USD/CAD Declines As WTI Oil Gets Back Above $95
- Canadian dollar moves higher as WTI oil rallies
- A move below 1.2680 will push USD/CAD towards 1.2650
- Geopolitics remain the key driver for the forex market
Canadian Dollar Gains Ground Against U.S. Dollar
USD/CAD is currently trying to settle below the support at 1.2680, while the U.S. dollar is gaining ground against a broad basket of currencies.
The U.S. Dollar Index is currently stuck in the range between the support at 96.70 and the resistance at 97. If the U.S. Dollar Index manages to settle back above 97, it will gain upside momentum and head towards the resistance at 97.25, which will be bullish for USD/CAD.
Today, foreign exchange market traders focused on geopolitical developments. The West imposed harsh sanctions on Russia, which triggered a flight to safety but also provided support to the oil market.

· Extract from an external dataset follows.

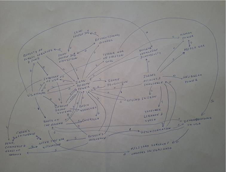 Une première boucle importante pourrait être l’influence des États-Unis qui renforce l’opposition des 80 % de la population iranienne. Ceux-ci souhaitent eux-mêmes exercer une forte pression sur la qualité des services publics et de l’approvisionnement alimentaire. Cependant l’influence des États-Unis au niveau diplomatique s’affaiblit par manque de crédibilité. Ceci fait que les États-Unis augmentent leurs attaques ce qui réduit les possibilités de services publics. En conséquence, le pouvoir du régime iranien grandit car ceci affaiblit l’opposition et réduit l’influence des États-Unis. C’est pourquoi les attaques des États-Unis doivent être encore intensifiées. Cette combinaison est aussi auto-renforcée car les États-Unis tentent de renforcer leur influence par leurs attaques afin de pouvoir réduire leurs attaques à cause d’une position d’influence renforcée par la suite.

WTI oil managed to get back above the $95 level and made an attempt to settle above $98 but lost momentum and pulled back towards $96. In case WTI oil manages to settle above $96, it will move closer to the recent highs near $98, which will be bullish for commodity-related currencies, including Canadian dollar.
USD to CAD is testing the support level at 1.2680. In case this test is successful, USD to CAD will move towards the next support level, which is located at 1.2650.
A move below the support at 1.2650 will open the way to the test of the support at 1.2625. If USD to CAD declines below this level, it will head towards the next support level at 1.2590.
On the upside, the nearest resistance level for USD to CAD is located at the 50 EMA at 1.2705. If USD to CAD moves above the 50 EMA, it will gain upside momentum and head towards the 20 EMA at 1.2725. A successful test of the resistance at the 20 EMA will push USD to CAD towards the resistance at 1.2760.